К нам подошла официантка и поставила на стол кофейные чашки.
– Станка написала, – сказала Аля. – Она говорит, что Васильеву лучше, но она останется с ним.
– Понятно, – сказала я, подумав, что надо все-таки почитать еще про Васильева и Лисетскую, если я собираюсь и дальше притворяться фанаткой Васильева. Я сказала, что мне нужно в туалет, и поднялась, включая на ходу экран телефона. Пора было что-нибудь нагуглить.
Искать мне ничего не понадобилось, потому что, прочитав мое длинное сообщение, Мари сама все за меня прочитала и даже успела изложить в аудиоформате с собственными комментариями.
«Так, – я включила сообщение Мари. – Сейчас я тебе все расскажу. У Лисетской, Эмилии и Васильева был, очевидно, такой тройничок довольно ебанутый. То есть хрен его знает, что там было, но жили они вместе. И убил Эмилию кто-то из них двоих – в день ее смерти только они бывали у нее дома. Вообще, я так думаю, они вместе ее извели, хотя выгодней всего это было, очевидно, Лисетской, потому что после смерти Эмилии именно ей достались все рукописи, и Лисетская знатно на них обогатилась. Она растянула десяток дневников на годы, то есть умерла Эмилия в 1966, а последний дневник Лисетская собирается издать только в следующем году. Понимаешь?
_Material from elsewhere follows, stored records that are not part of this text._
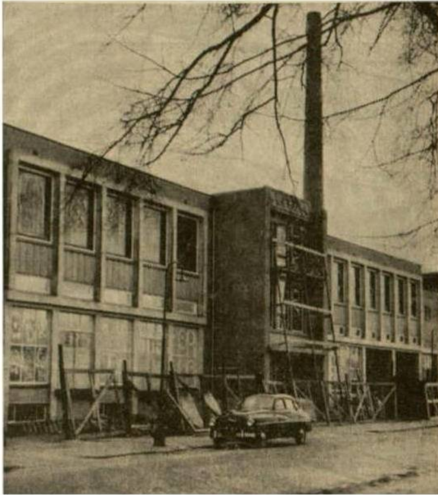
De „Leeuwarder Coöperatieve Melkinrichting”, vroeger de „Zuivelfabriek Emmakade”, in wording. Boven de ingang ligt de ontvangstzaal voor excursisten. Voorts komen op de bovenverdieping de kantoorlokalen.
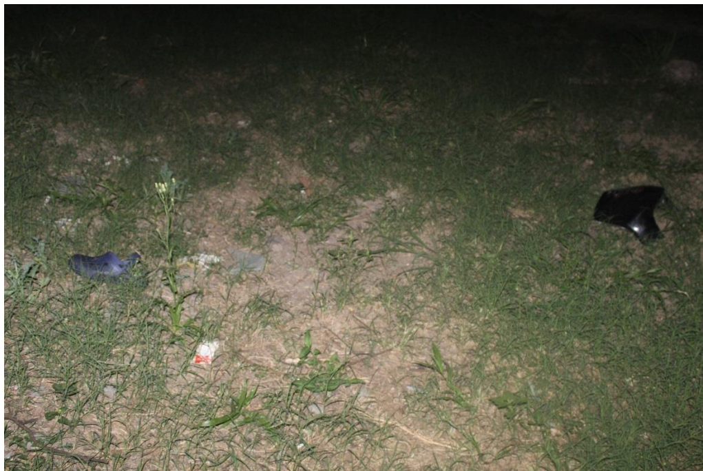
FOTOGRAFIA N° 08: Toma fotográfica realizada en continuidad donde se observa el plástico color oscuro mencionado en Toma Nro 05, y al costado izquierdo un zapato de goma color azul.
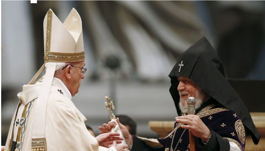
Le immagini della messa del Papa per gli armeni
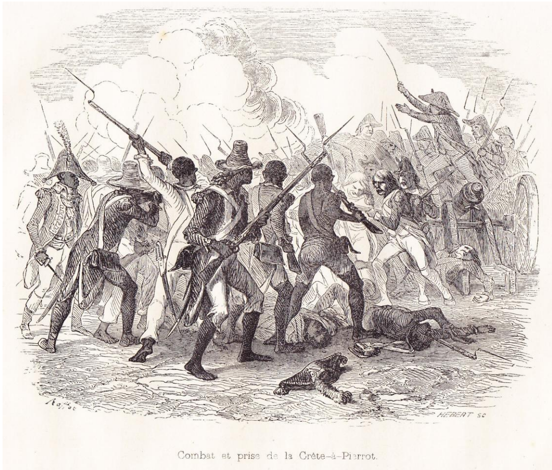
Combat et prise de la Crête-à-Pierrot.

“ Combat et prise de la Crête-à-Pierrot ”, illustration horizontale, regravée (?), hors-texte intercalé entre les pages 238 et 239 de NORVINS , Histoire de Napoléon (éd. belges de 1839 et 1841).
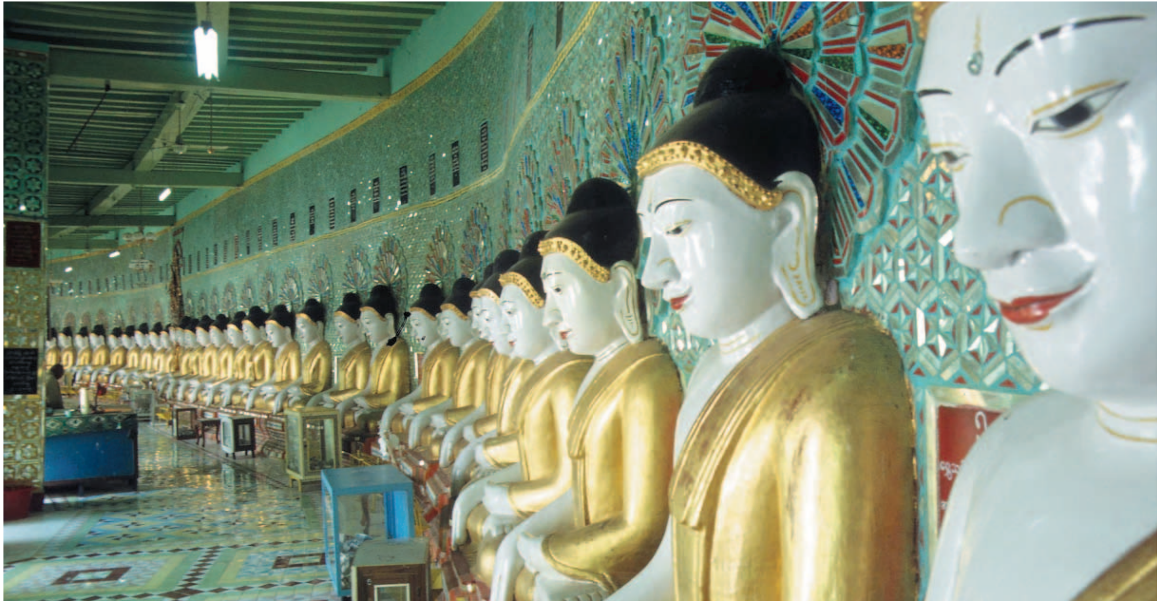
Das Land der goldenen Buddhas: 45 von ihnen sind in der berühmten Umin-Thounzeh-Pagode in Sagaing zu sehen.

Nach fast sechsjähriger Bauzeit ist Anfang Juni der mit 6,3 Kilometern längste Straßentunnel Südasiens für den Verkehr freigegeben worden. 750 Kilometer südlich der Hauptstadt Hanoi und 950 Kilometer nördlich der Wirtschaftsmetropole Ho-Chi-Minh-City gelegen, unterquert das 200 Millionen US-Dollar teure Verkehrsprojekt das wichtigste Nadelöhr von Vietnam Nord-Süd-Verbindung (Nationalstraße 1) – den legendären „Pass der Meereswolken“. Das erspart zum Beispiel bei einer Autofahrt zwischen dem Küstenort Da Nang und der alten Kaiserstadt Hue eine Fahrzeit von rund einer Stunde. Für Pkws kostet die Passage durch den Tunnel 1,60 US-Dollar. Auf eigenen Wunsch werden Touristen allerdings auch weiterhin die historische, rund 20 Kilometer lange Serpentin-Strecke über das bis zu 1172 Meter hohe Truong-Son-Gebirge benutzen dürfen, um die faszinierenden Ausblicke auf die Meeresküste zu genießen.
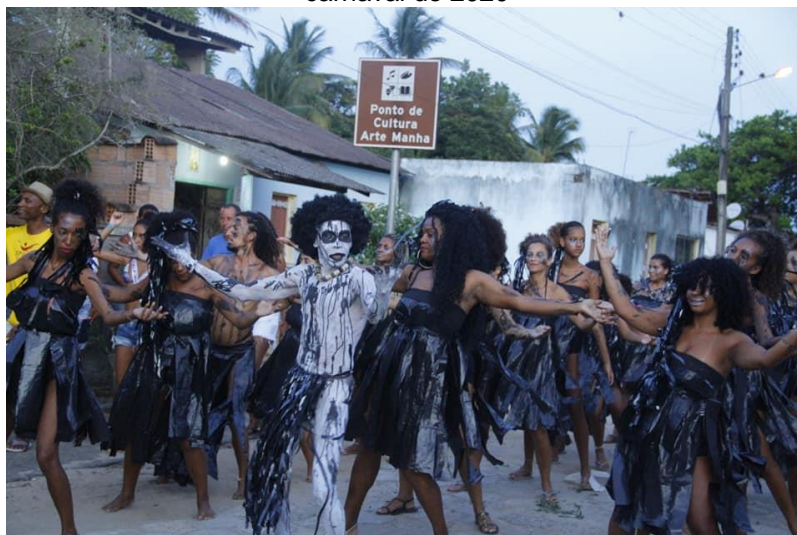
Figura 5- Sede do movimento cultural ArteManha e Grupo Umbandaum na avenida no carnaval de 2020

Esse termo “Afroindígena” surge como um conceito identitário-artístico-visual pela primeira vez em Caravelas na década de 80 com o grupo Afroindígena de Antropologia Cultural Umbandaum fundado no dia 13 de maio de 1988, como “resistência aos grupos políticos locais que induziam a população caravelense em comemorações dos 100 anos de abolição da escravatura” (SILVA, 2019, p. 5). O Umbandaum é um grupo organizado que está vinculado ao Movimento Cultural ArteManha, que recebeu o título de ponto de cultura em 2008.
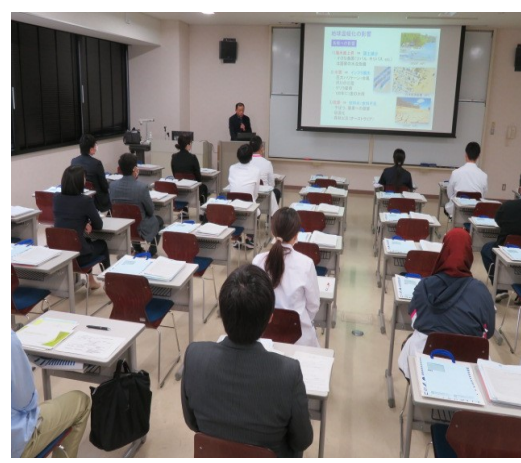
大学院新入生オリエンテーション研修
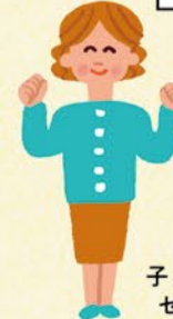
子ども家庭支援 センター職員
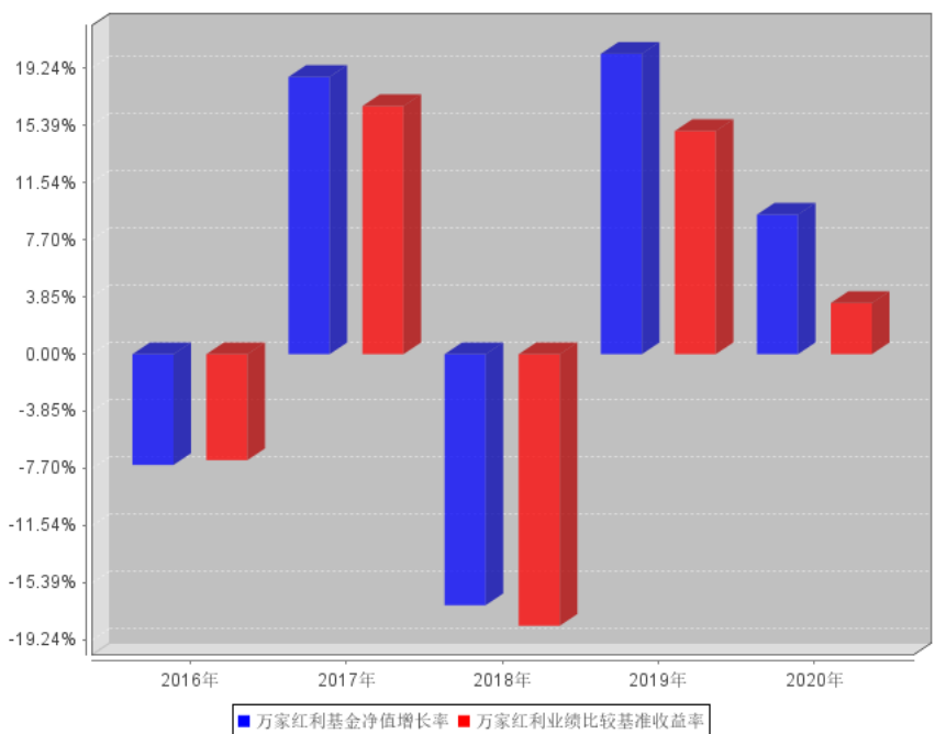
万家红利过去五年基金每年净值增长率及其与同期业绩比较基准收益率的对比图
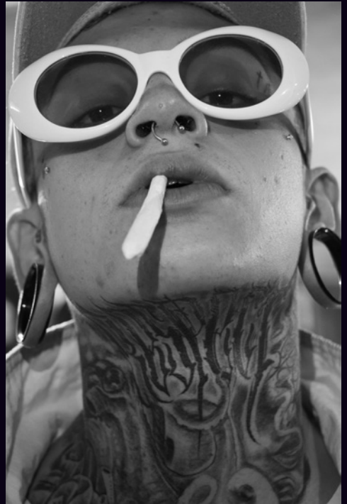
"Retratos. Tatuadores La Loquera Producciones" Retrato impreso en papel bond 2018
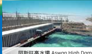
阿斯旺水壩 Aswan High Dam
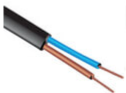
cavo senza spina
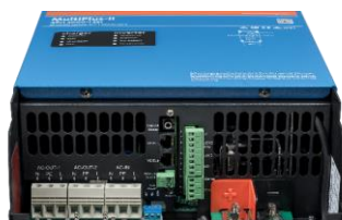
Zona de conexión MultiPlus-II 4k5
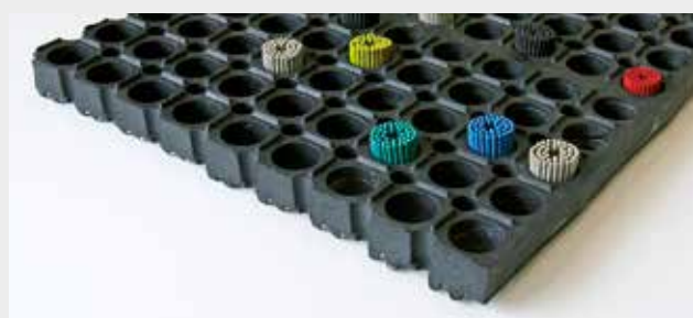
M26 + brosses
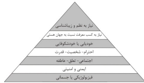
تصویر ۱: هرم مازلو

وجود دارد. این رویکرد در واقع، زمینه‌های اجتماعی، فیزیکی و روان‌شناختی ارتکاب جرم را شناسایی کرده و چهار نوع راهبردی برای کاهش فرصت ارتکاب جرم ارائه می‌دهد: ۱- افزایش امکان مشاهده جرم و جنایت، ۲- افزایش خطر ارتکاب جرم، ۳- کاهش منفعت‌های ارتکاب جرم و ۴- از بین بردن بهانه‌های ارتکاب جرم (Souri, 2010: 33).
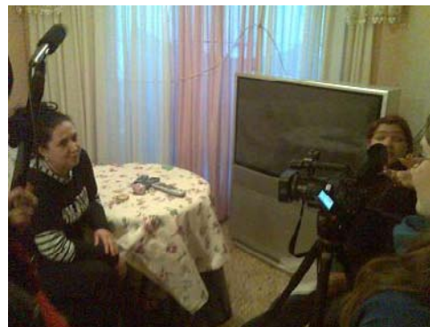
Las mujeres del Polígono Sur

La selección fue realizada en colaboración con el colectivo ZEMOS98, directores de las XI ediciones del Festival Internacio-
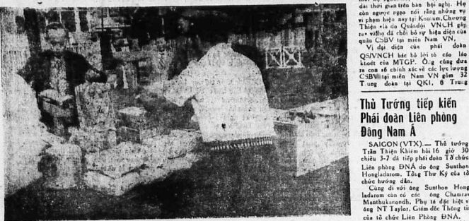
Bách Phiến và Á phiến bị tịch thu đang được mang ra để thiêu hủy vào sáng 4-7-73 tại đường Duy Tân Saigon.

SAIGON (NBH) — Phía hợp tác Tướng Văn Tiến Dũng (VTD) hôm nay 3-7-1973 đã ký một bản cam kết của CSBV về tránh né thảo luận về phía quân đội VNCH. Ông nói rằng phía quân đội VNCH đã từ chối thảo luận về những điều kiện mà phía quân đội VNCH đề ra.
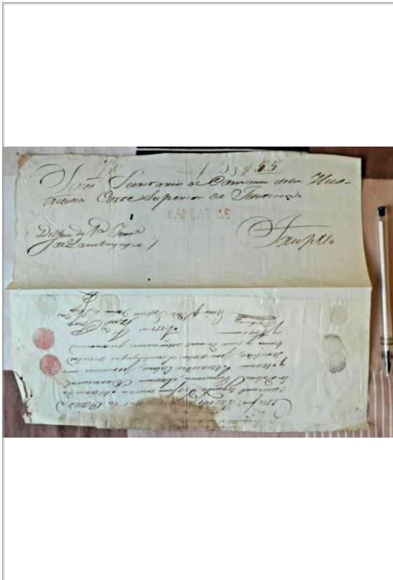
Imágen: Vista General
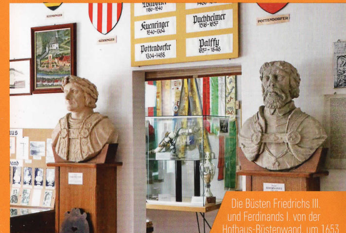
Die Büsten Friedrichs III. und Ferdinands I. von der Hofhaus-Büstenwand, um 1653
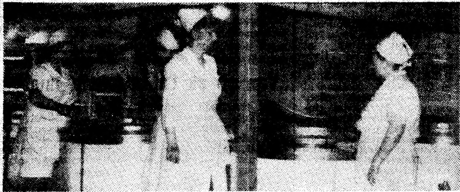
Cantinele miniere (în imagine cea de la Paroseni, a IACCVJ), beneficiarele condițiilor de bună aprovizionare pentru iarnă.
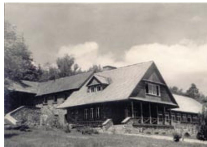
Hotel PTTK na pocztówce z 1962 r.
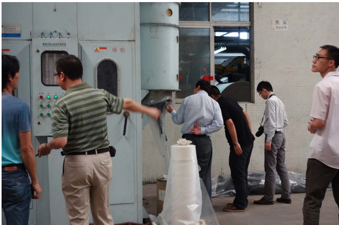
大唐印染冷堆工艺和蜂窝式除尘两项技术被评为广东省清洁生产优秀项目

2014年，处罚污染企业37家，关停污染企业46家，查处80台尾气超标机动车，淘汰1200多辆黄标车，完成大型锅炉降氮脱硝年度任务，刑事立案查处显岗9家违法油桶清洗窝点。“樵丹路—百太路—河岗大道—百业大道”划定为高污染限燃区，完成区域内39台燃煤锅炉的淘汰工作。建成崇北、平沙两个小型生活污水处理设施。完成樵北路、崇南黎涌等多项截污工程，新建污水管道约10公里。全年处理生活污水2000多万立方米，生活污水处理率达84.7%。纺织产业基地清洁生产工作有序开展，年减少排放二氧化硫7500多吨、化学需氧量（COD）5000多吨。纺织产业基地人工湿地生态系统改造提升顺利推进，入水终沉池系统工程通过专家评估论证。鑫龙污水处理厂二期工程计划2015年投入使用，污泥无害化、臭气治理及脱色工程正在实施。
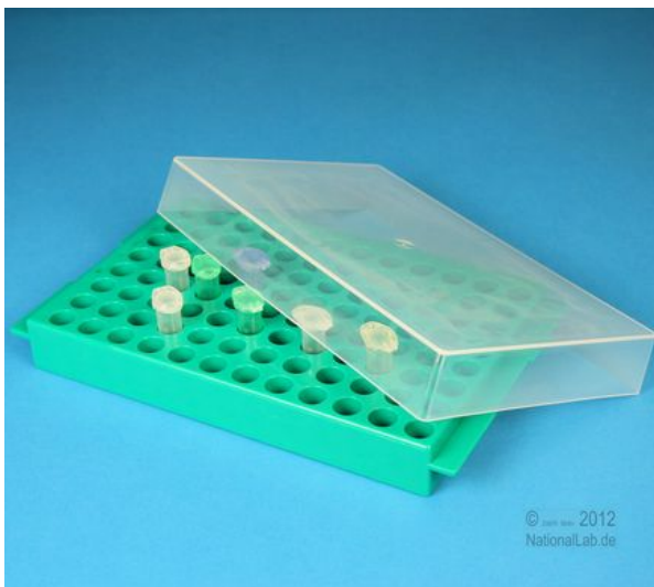
Oberseite für 1,5/2,0 ml Röhren
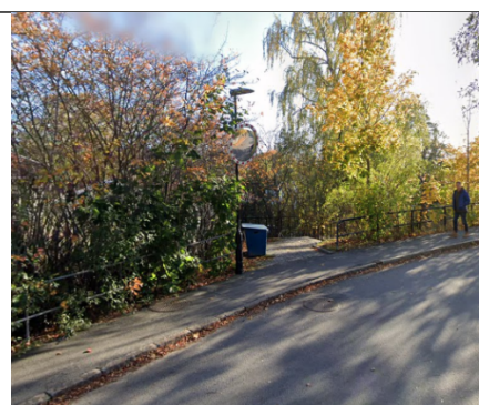
Trappan sedd från Mästarbacken.

Med ovanstående motivering föreslår förvaltningen att stadsdelsnämnden avslår medborgarförslaget om att anlägga en cykelramp mellan Mästarbacken och Läringsbacken.
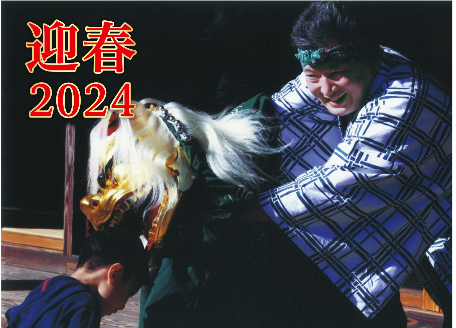
「獅子舞の新春祈願」 場所：大和市郷土民家園
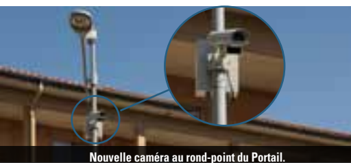
Nouvelle caméra au rond-point du Portail.
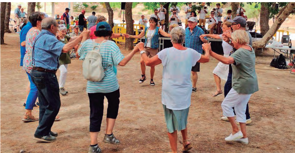
Un centenar de persones celebren el 20è Aplec de Sardanes Vila d'Altafulla al Parc del Comunidor.

Эмилия умерла в тридцать шесть лет, а Лисетская потом пятьдесят с чем-то лет на ее дневниках себе карьеру строила. Но полиция улик не нашла, так что их с Васильевым отпустили. Охуительно вообще. Можно, если ты книгу напишешь, я тебя тоже убью и на этом заработаю? Кстати, каждый раз, когда ты мне столько не отвечаешь, я все больше склоняюсь к убийству!»
Я извинилась и даже записала ей короткое видео, потому что знала, что мое лицо всегда поднимало ей настроение. Это смешно, учитывая, что я никогда не видела ее лица. Пару раз мы разговаривали по скайпу, но Мари всегда ставила ноут так, чтобы было видно только ее подбородок и одеяло.
Я умылась, осмотрела лицо на предмет прыщей и вышла из туалета. Оказалось, что Аля уже расплатилась.
– Нам пора, – сказала она. – Пошли!
8
Леша, Вера и Кира ждали нас на том же месте.
– Миссия выполнена, – сказала Аля. – Кофе получéнно.
Она подняла вверх руки и ткнула указательными пальцами в красные кружки у себя на щеках. Слово «полученно» она выговорила именно так, с двумя «н» и с ударением на «е», словно это было наречие. Во время нашей прогулки я почти не замечала людей вокруг, но сейчас стало понятно, что ощутимый процент прохожих стягивается к подворотне. Некоторые останавливались и курили, другие, наоборот, спешили внутрь.
– Давай. – Аля подставила Леше щеку, и он стал мазать ее блестками.
– Хочешь? – Он посмотрел на меня, и я отрицательно покачала головой. Еще не хватало, чтобы мужчина начал меня трогать до того, как я вошла в клуб.
– Тебе сколько лет? – спросила вдруг Аля.
– Семнадцать, – сказала я, – а что?
– Ничего, – сказала Аля. – Просто надо будет охранника обойти.
– Давайте пробираться, – сказал Леша.
Мы пересекли улицу прямо по проезжей части, потому что идти до ближайшего светофора было далеко. В подворотне была толпа, и нам и вправду пришлось пробираться к дверям.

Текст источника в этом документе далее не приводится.